Friday, 2 December 2005

BitTorrent

BitTorrent is one of those applications that most people love. I love it when it works but I find it unnecessarily cumbersome to deal with.

One example of what I dislike in the software – you can’t tell when a torrent has finished. Start a download:

btdownload{curses headless} foo.torrent

Once the download has finished it doesn’t stop, it just continues to share the files and allow others to download faster. Great 99% of the time. But utterly sucky when you want to download XX files.

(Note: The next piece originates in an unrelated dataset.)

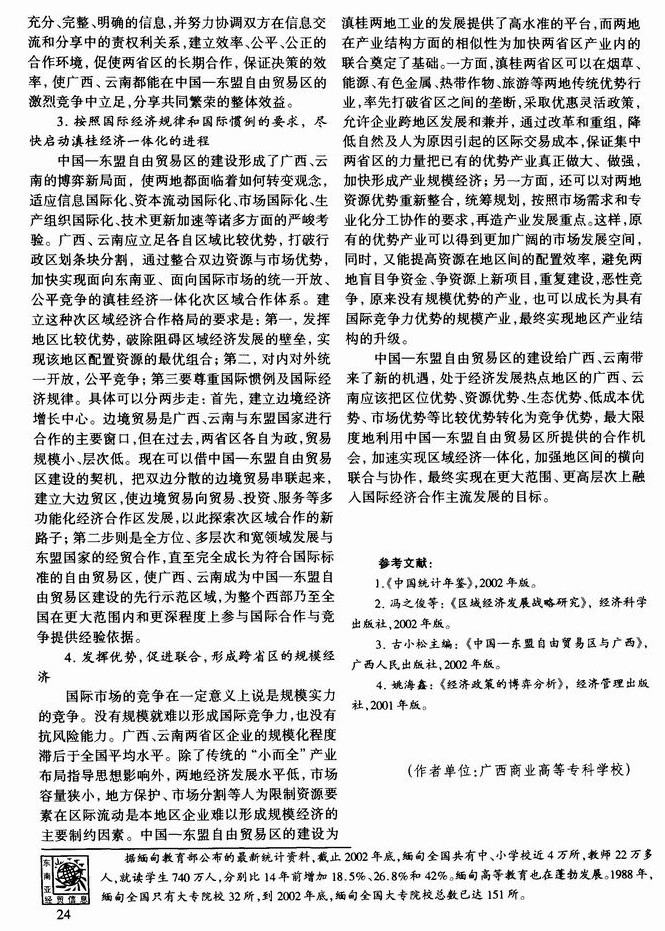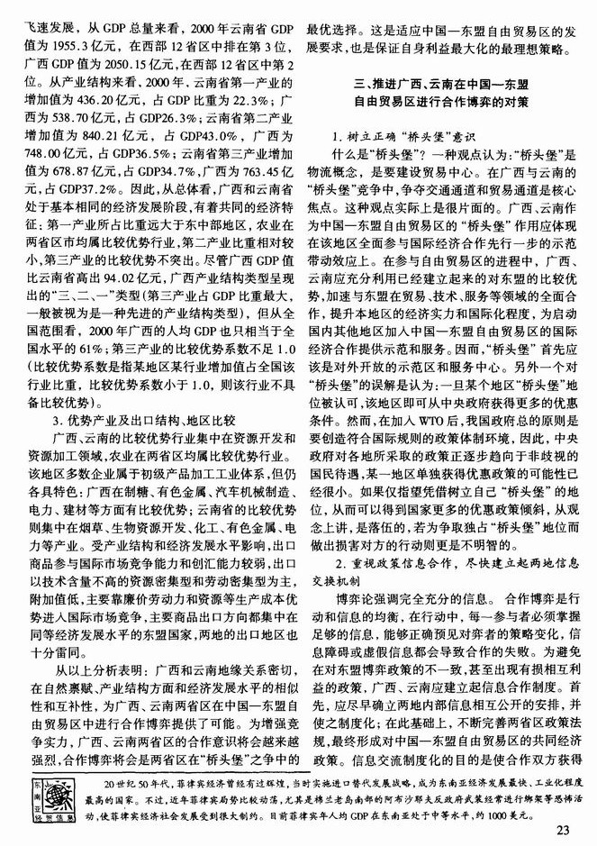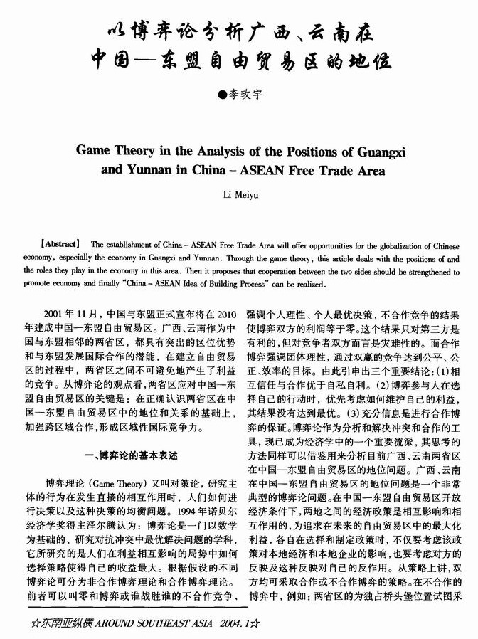 以博弈论分析广西、云南在中国-东盟自由贸易区的地位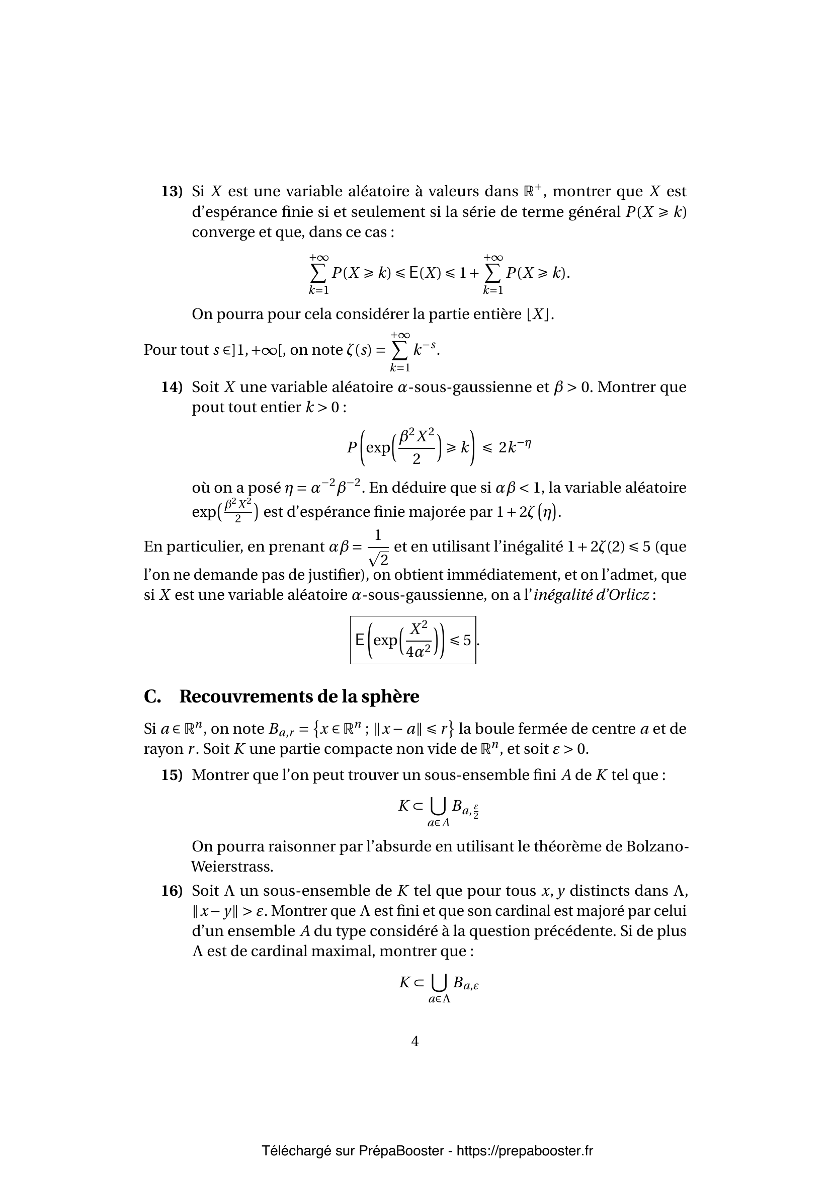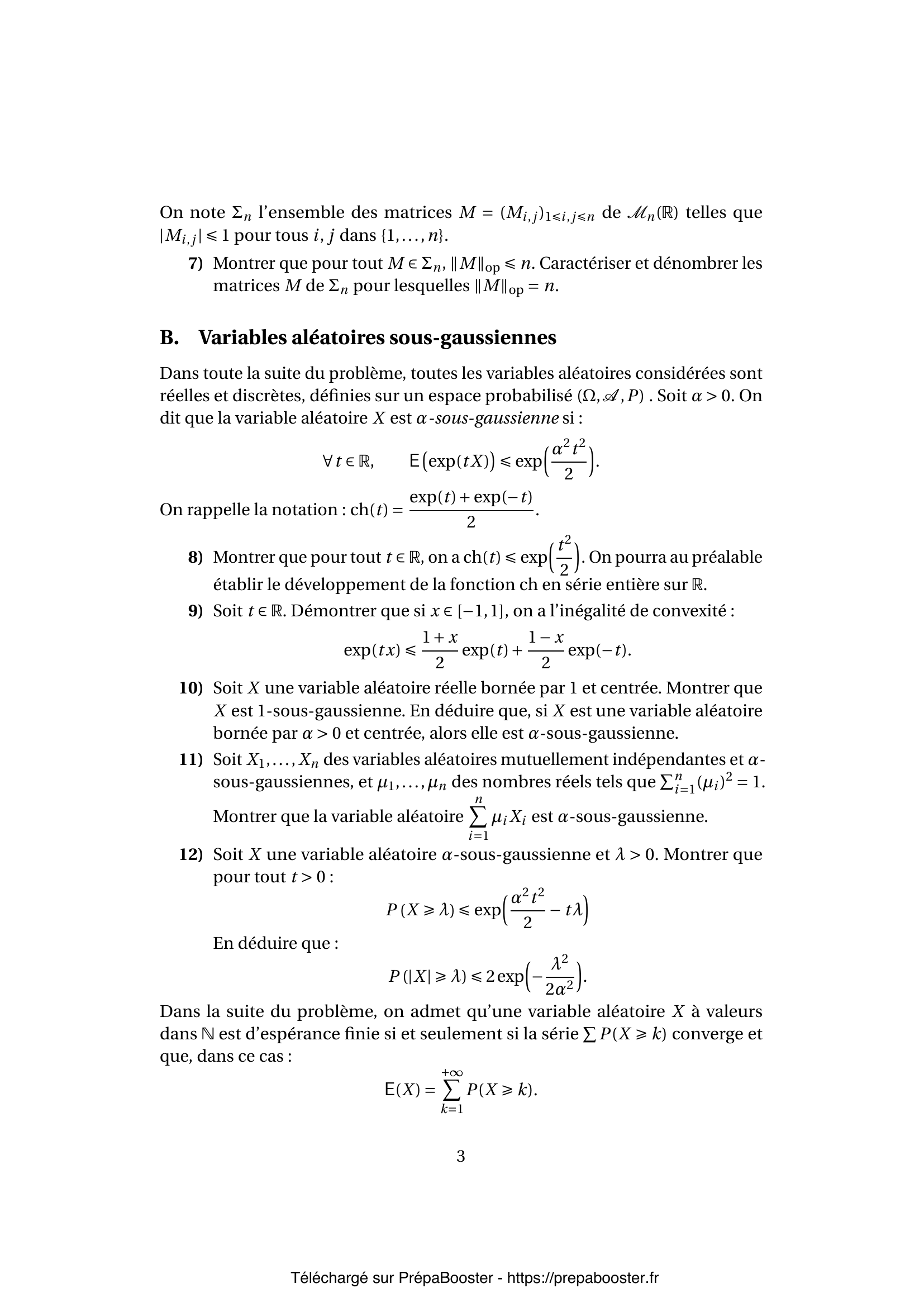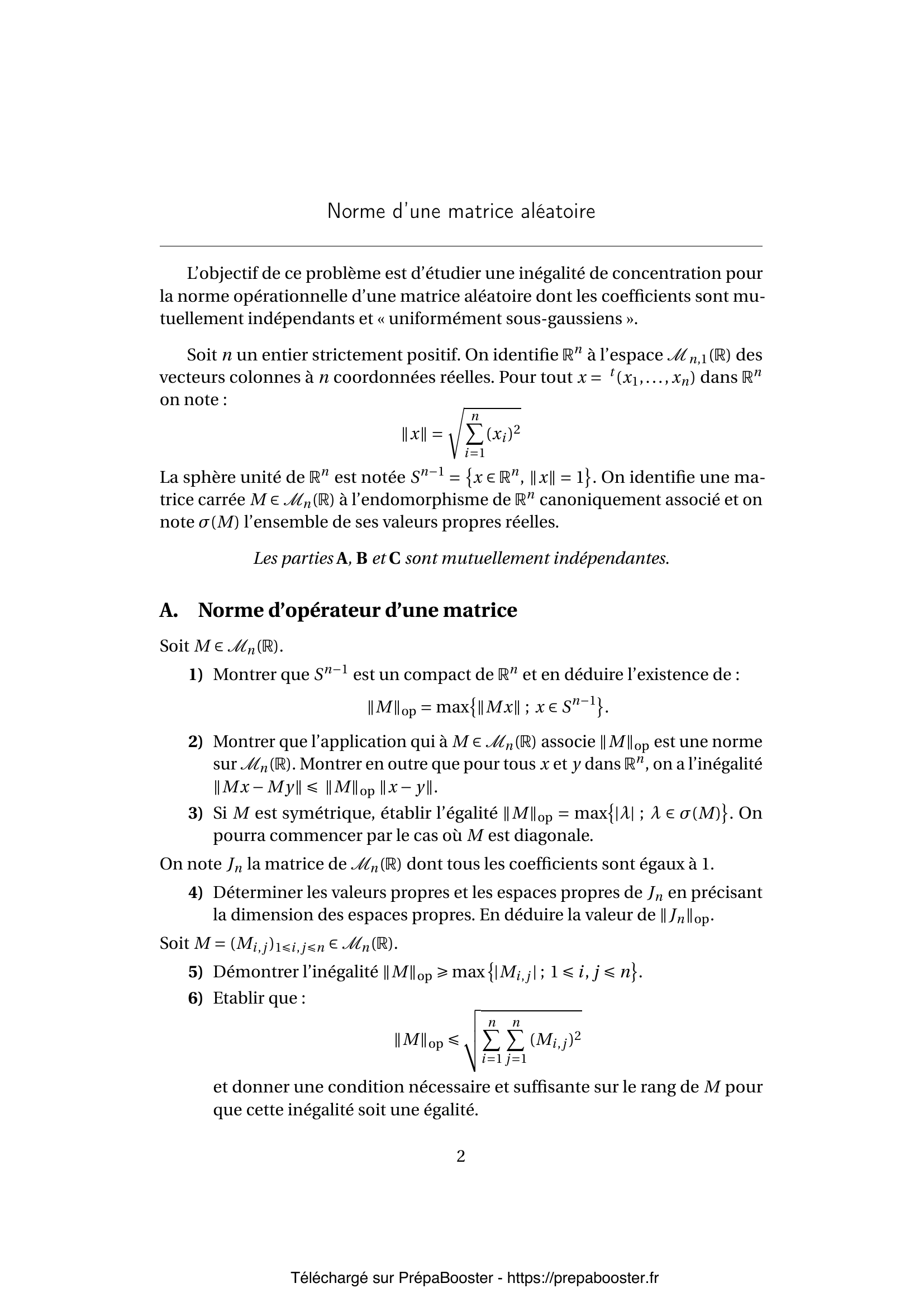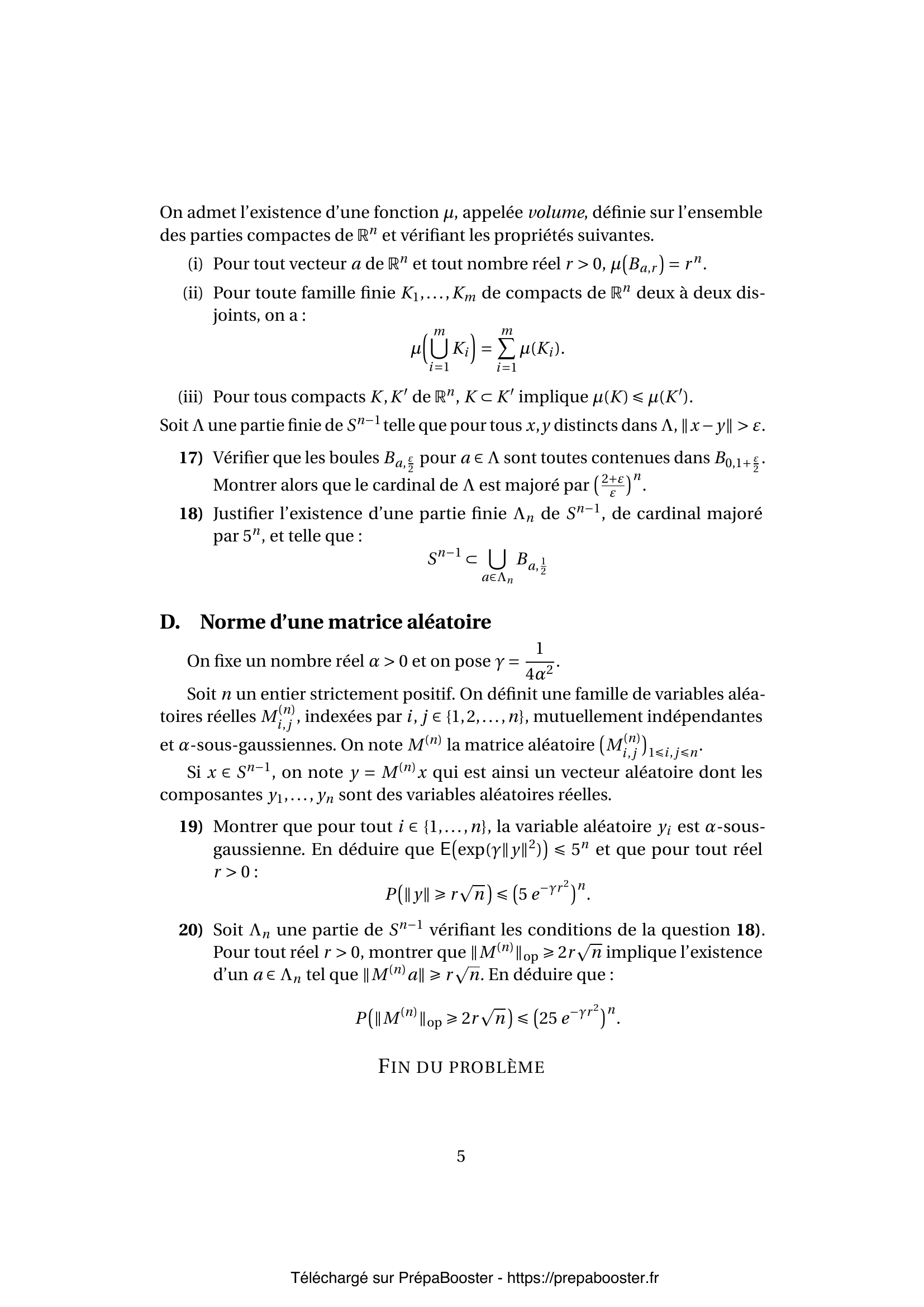 1. Montrer que $S_{n−1}$ est un compact de $\R^n$ et en déduire l’existence de :\\ $\|M\|_{op} = \max \{ \|Mx\| ; x \in S_{n−1} \}$. 2. Montrer que l’application qui à $M \in M_n(\R)$ associe $\|M\|_{op}$ est une norme sur $M_n(\R)$. Montrer en outre que pour tous $x$ et $y$ dans $\R^n$, on a l’inégalité $\|M x − M y\| \leq \|M\|_{op} \|x − y\|$. 3. Si $M$ est symétrique, établir l’égalité $\|M\|_{op} = \max\{|\lambda| ; \lambda \in \sigma(M)\}$. On pourra commencer par le cas où $M$ est diagonale. 4. On note $J_n$ la matrice de $M_n(\R)$ dont tous les coefficients sont égaux à $1$.\\ Déterminer les valeurs propres et les espaces propres de $J_n$ en précisant la dimension des espaces propres. En déduire la valeur de $\|J_n\|_{op}$. 5. Soit $M = (M_{i,j})_{1 \leq i,j \leq n} \in M_n(\R)$.\\ Démontrer l’inégalité $\|M\|_{op} \geq \max\{ |M_{i,j}| ; 1 \leq i, j \leq n \}$.} 6. Établir que :\\ $\|M\|_{op} \leq \sqrt{ \sum_{i=1}^n \sum_{j=1}^n (M_{i,j})^2 }$\\ et donner une condition nécessaire et suffisante sur le rang de $M$ pour que cette inégalité soit une égalité. 7. On note $\Sigma_n$ l’ensemble des matrices $M = (M_{i,j})_{1 \leq i,j \leq n}$ de $M_n(\R)$ telles que $|M_{i,j}| \leq 1$ pour tous $i, j$ dans $\{1,…,n\}$.\\ Montrer que pour tout $M \in \Sigma_n$, $\|M\|_{op} \leq n$. Caractériser et dénombrer les matrices $M$ de $\Sigma_n$ pour lesquelles $\|M\|_{op} = n$. 8. Montrer que pour tout $t \in \R$, on a $\cosh(t) \leq \exp\left( \frac{t^2}{2} \right)$. On pourra au préalable établir le développement de la fonction cosh en série entière sur $\R$. 9. Soit $t \in \R$. Démontrer que si $x \in [-1, 1]$, on a l’inégalité de convexité :\\ $\exp(tx) \leq \frac{1+ x}{2}\exp(t)+\frac{1- x}{2}\exp(−t)$. 10. Soit $X$ une variable aléatoire réelle bornée par $1$ et centrée. Montrer que $X$ est $1$-sous-gaussienne. En déduire que, si $X$ est une variable aléatoire bornée par $\alpha > 0$ et centrée, alors elle est $\alpha$-sous-gaussienne.} 11. Soit $X_1,…,X_n$ des variables aléatoires mutuellement indépendantes et $\alpha$-sous-gaussiennes, et $\mu_1,…,\mu_n$ des nombres réels tels que $\sum_{i=1}^n (\mu_i)^2 = 1$.\\ Montrer que la variable aléatoire $\sum_{i=1}^n \mu_i X_i$ est $\alpha$-sous-gaussienne. 12. Soit $X$ une variable aléatoire $\alpha$-sous-gaussienne et $\lambda > 0$. Montrer que pour tout $t > 0 :$\\ $\mathbb{P}(X \geq \lambda) \leq \exp\left(\frac{\alpha^2 t^2}{2} – t\lambda\right)$\\ En déduire que : $\mathbb{P}(|X| \geq \lambda) \leq 2 \exp\left(-\frac{\lambda^2}{2\alpha^2}\right)$. 13. Dans la suite du problème, on admet qu’une variable aléatoire $X$ à valeurs dans $\mathbb{N}$ est d’espérance finie si et seulement si la série $\sum \mathbb{P}(X \geq k)$ converge et que, dans ce cas :\\ $\mathbb{E}(X) = \sum_{k=1}^{+\infty} \mathbb{P}(X \geq k)$. 14. Si $X$ est une variable aléatoire à valeurs dans $\mathbb{R}_+$, montrer que $X$ est d’espérance finie si et seulement si la série de terme général $\mathbb{P}(X \geq k)$ converge et que, dans ce cas :\\ $\sum_{k=1}^{+\infty} \mathbb{P}(X \geq k) \leq \mathbb{E}(X) \leq 1+\sum_{k=1}^{+\infty} \mathbb{P}(X \geq k)$.\\ On pourra pour cela considérer la partie entière $\lfloor X \rfloor$. 15. Pour tout $s \in ]1,+\infty[$, on note $\zeta(s) = \sum_{k=1}^{+\infty} k^{-s}$.\\ Soit $X$ une variable aléatoire $\alpha$-sous-gaussienne et $\beta > 0$. Montrer que pour tout entier $k > 0$ :\\ $\mathbb{P}\left(\exp\left(\frac{\beta^2 X^2}{2}\right) \geq k\right) \leq 2k^{-\eta}$\\ où on a posé $\eta = \frac{1}{\alpha^2 \beta^2}$. En déduire que si $\alpha\beta < 1$, la variable aléatoire $\exp\left(\frac{\beta^2 X^2}{2}\right)$ est d’espérance finie majorée par $1+2\zeta(\eta)$.\\ En particulier, en prenant $\alpha\beta = 1/\sqrt{2}$ et en utilisant l’inégalité $1+2\zeta(2) \leq 5$ (que l’on ne demande pas de justifier), on obtient immédiatement, et on l’admet, que si $X$ est une variable aléatoire $\alpha$-sous-gaussienne, on a l’inégalité d’Orlicz :\\ $\mathbb{E} \left( \exp\left(\frac{X^2}{4\alpha^2}\right)\right) \leq 5$.} 16. Si $a \in \R^n$, on note $B_{a,r} = \{ x \in \R^n; \|x-a\| \leq r \}$ la boule fermée de centre $a$ et de rayon $r$. Soit $K$ une partie compacte non vide de $\R^n$, et $\varepsilon > 0$.\\ Montrer que l’on peut trouver un sous-ensemble fini $A$ de $K$ tel que :\\ $K \subset \bigcup_{a\in A} B_{a,\frac{\varepsilon}{2}}$\\ On pourra raisonner par l’absurde en utilisant le théorème de Bolzano-Weierstrass. 17. Soit $\Lambda$ un sous-ensemble de $K$ tel que pour tous $x, y$ distincts dans $\Lambda$, $\|x-y\|>\varepsilon$. Montrer que $\Lambda$ est fini et que son cardinal est majoré par celui d’un ensemble $A$ du type considéré à la question précédente. Si de plus $\Lambda$ est de cardinal maximal, montrer que :\\ $K \subset \bigcup_{a\in \Lambda} B_{a,\varepsilon}$. 18. On admet l’existence d’une fonction $\mu$, appelée volume, définie sur l’ensemble des parties compactes de $\R^n$ et vérifiant certaines propriétés.\\ Soit $\Lambda$ une partie finie de $S^{n−1}$ telle que pour tous $x,y$ distincts dans $\Lambda$, $\|x – y\| > \varepsilon$.\\ Vérifier que les boules $B_{a, \varepsilon/2}$ pour $a \in \Lambda$ sont toutes contenues dans $B_{0,1+\varepsilon/2}$. Montrer alors que le cardinal de $\Lambda$ est majoré par $\left(\frac{2+\varepsilon}{\varepsilon}\right)^n$. 19. Justifier l’existence d’une partie finie $\Lambda_n$ de $S^{n−1}$, de cardinal majoré par $5^n$, et telle que :\\ $S^{n-1} \subset \bigcup_{a \in \Lambda_n} B_{a, \frac{1}{2}}$ 20. On fixe un nombre réel $\alpha > 0$ et on pose $\gamma = \frac{1}{4\alpha^2}$.\\ Soit $n$ un entier strictement positif. On définit une famille de variables aléatoires réelles $M_{i,j}^{(n)}$, indexées par $i, j \in \{1,2,…,n\}$, mutuellement indépendantes et $\alpha$-sous-gaussiennes. On note $M^{(n)

The natural temptation is to run:

for i in *.torrent; do \
  btdownloadheadless $i
done

That doesn’t work. The first one never finishes. There isn’t even the option of exiting once the download has completed – or running another command, say.

(OK my copy has “—at_finish=/bin/foo” – but only because I patched it. This just seems like a basic requirement, right?)

Despite that it works well so I can live with it.

My other irritation is that there is no functioning Apache mod_bittorrent where files into a directory have their .torrent files created and handled magically.

There was a project to do this, but it appears dead now.

Shame. Every now and again I get tempted to work on it, then I remember that I have big limits.

ION

Lots of Perl coding today.

Simple plugin interfaces, and cleanups of old code. Almost enough to keep me awake.